--- WHAT YOU WILL DO ---
Only the lines of the data below from the one with "那些能建出哥特式尖顶、精妙飞" through the one with "My early plants" are wanted. Repeat them exactly.

--- MATERIAL FOR THIS EXERCISE ---
--- START ---

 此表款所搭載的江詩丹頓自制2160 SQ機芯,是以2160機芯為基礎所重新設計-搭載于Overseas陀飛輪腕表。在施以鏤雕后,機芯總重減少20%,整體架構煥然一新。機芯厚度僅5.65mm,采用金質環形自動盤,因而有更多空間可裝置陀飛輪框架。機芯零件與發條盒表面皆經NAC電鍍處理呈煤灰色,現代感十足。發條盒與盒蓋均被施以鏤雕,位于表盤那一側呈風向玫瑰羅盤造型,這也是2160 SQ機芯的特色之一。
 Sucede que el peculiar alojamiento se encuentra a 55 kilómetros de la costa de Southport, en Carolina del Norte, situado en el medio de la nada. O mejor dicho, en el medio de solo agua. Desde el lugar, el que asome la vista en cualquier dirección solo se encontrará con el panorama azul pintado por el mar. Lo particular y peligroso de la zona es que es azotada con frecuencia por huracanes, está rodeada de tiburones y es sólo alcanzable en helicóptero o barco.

--- END ---
--- START ---

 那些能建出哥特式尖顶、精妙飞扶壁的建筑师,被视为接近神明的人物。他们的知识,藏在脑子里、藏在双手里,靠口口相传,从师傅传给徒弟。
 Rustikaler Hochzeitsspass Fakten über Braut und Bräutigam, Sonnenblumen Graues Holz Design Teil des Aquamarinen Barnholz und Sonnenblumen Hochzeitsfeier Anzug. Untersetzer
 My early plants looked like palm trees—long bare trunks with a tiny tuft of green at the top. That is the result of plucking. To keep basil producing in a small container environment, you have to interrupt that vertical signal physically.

--- END ---

--- RESPONSE AREA ---
 那些能建出哥特式尖顶、精妙飞扶壁的建筑师,被视为接近神明的人物。他们的知识,藏在脑子里、藏在双手里,靠口口相传,从师傅传给徒弟。
 Rustikaler Hochzeitsspass Fakten über Braut und Bräutigam, Sonnenblumen Graues Holz Design Teil des Aquamarinen Barnholz und Sonnenblumen Hochzeitsfeier Anzug. Untersetzer
 My early plants looked like palm trees—long bare trunks with a tiny tuft of green at the top. That is the result of plucking. To keep basil producing in a small container environment, you have to interrupt that vertical signal physically.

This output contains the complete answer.